▶ What the exercise asks
From the material below, set down exactly the lines that run from the one containing "This Save the" to the one containing "每条经脉拥有10个穴位,10", minus the pictures.

▶ Material for the task

»»

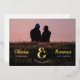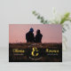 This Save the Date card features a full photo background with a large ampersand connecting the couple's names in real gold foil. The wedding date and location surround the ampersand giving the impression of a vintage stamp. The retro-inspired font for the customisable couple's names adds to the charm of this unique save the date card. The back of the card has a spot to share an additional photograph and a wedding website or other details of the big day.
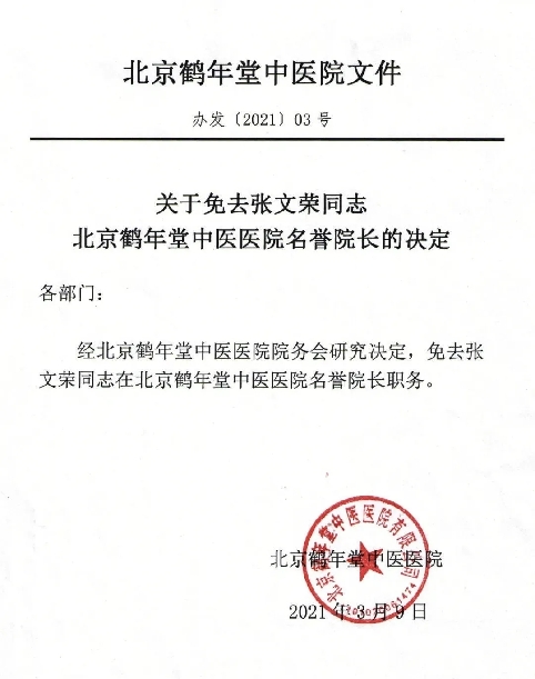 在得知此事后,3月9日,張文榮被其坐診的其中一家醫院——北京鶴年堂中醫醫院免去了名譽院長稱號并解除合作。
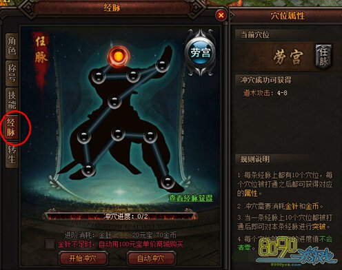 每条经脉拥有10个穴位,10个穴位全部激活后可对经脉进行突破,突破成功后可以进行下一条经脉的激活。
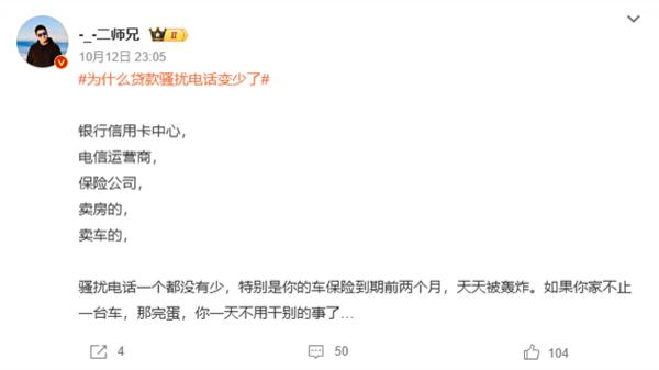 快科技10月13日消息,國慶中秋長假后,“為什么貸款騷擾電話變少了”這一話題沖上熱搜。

««
»»

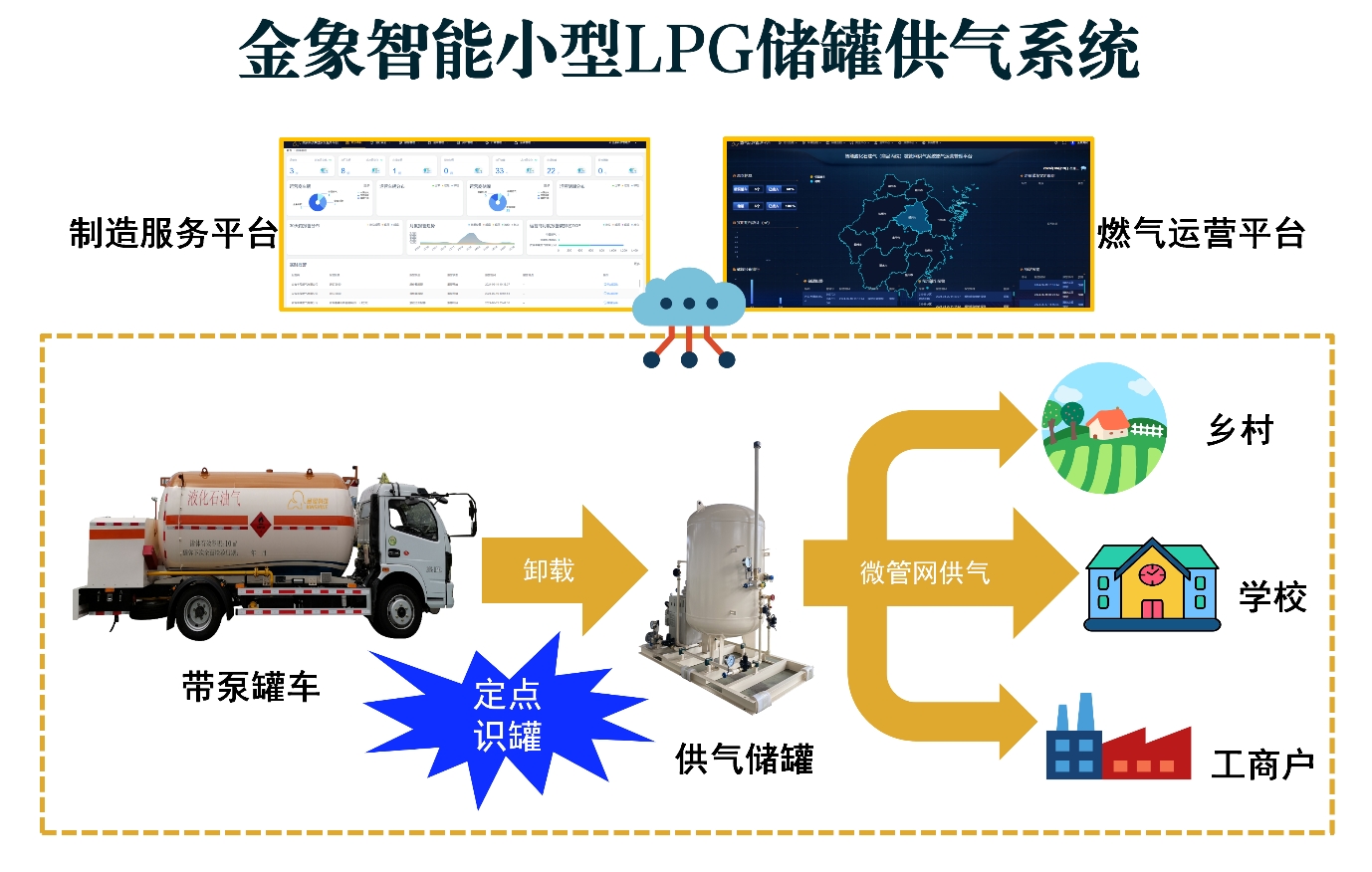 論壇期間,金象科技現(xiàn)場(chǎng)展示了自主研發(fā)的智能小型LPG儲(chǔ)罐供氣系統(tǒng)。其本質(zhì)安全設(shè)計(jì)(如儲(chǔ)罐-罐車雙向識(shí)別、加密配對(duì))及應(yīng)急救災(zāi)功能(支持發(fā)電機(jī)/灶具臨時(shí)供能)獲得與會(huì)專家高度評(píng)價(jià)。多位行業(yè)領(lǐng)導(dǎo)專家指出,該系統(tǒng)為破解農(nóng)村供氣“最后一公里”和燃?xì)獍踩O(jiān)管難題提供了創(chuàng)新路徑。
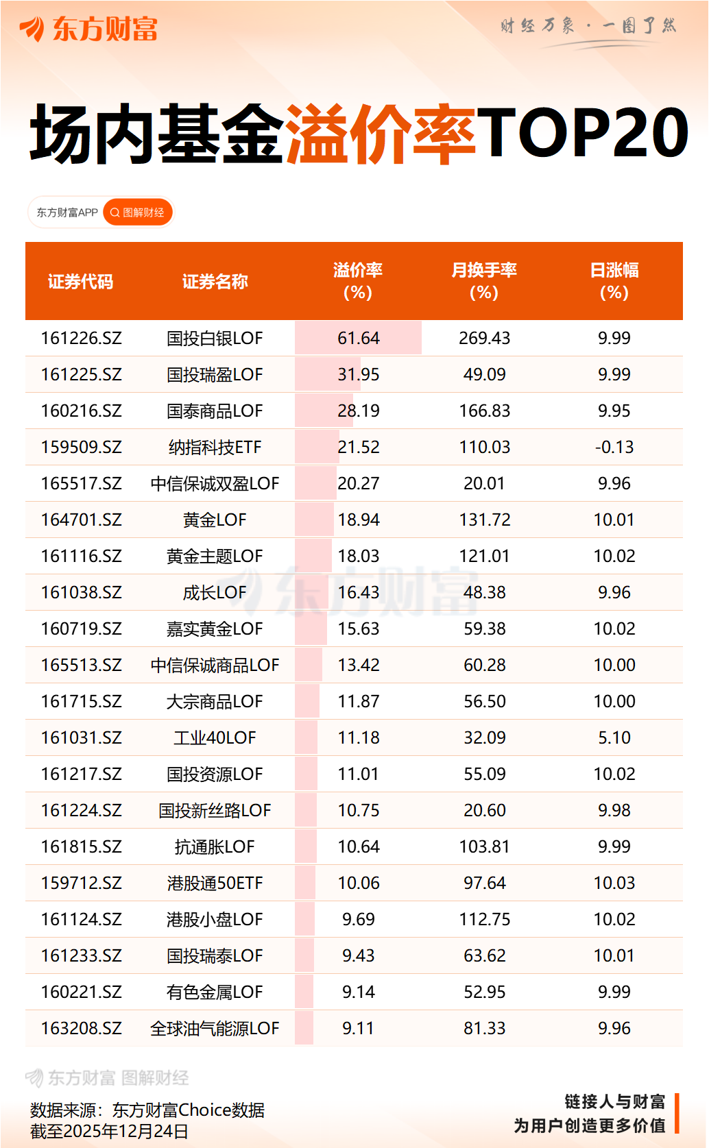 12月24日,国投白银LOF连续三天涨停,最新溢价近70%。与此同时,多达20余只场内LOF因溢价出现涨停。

««

▶ Output for this task
 This Save the Date card features a full photo background with a large ampersand connecting the couple's names in real gold foil. The wedding date and location surround the ampersand giving the impression of a vintage stamp. The retro-inspired font for the customisable couple's names adds to the charm of this unique save the date card. The back of the card has a spot to share an additional photograph and a wedding website or other details of the big day.
 在得知此事后,3月9日,張文榮被其坐診的其中一家醫院——北京鶴年堂中醫醫院免去了名譽院長稱號并解除合作。
 每条经脉拥有10个穴位,10个穴位全部激活后可对经脉进行突破,突破成功后可以进行下一条经脉的激活。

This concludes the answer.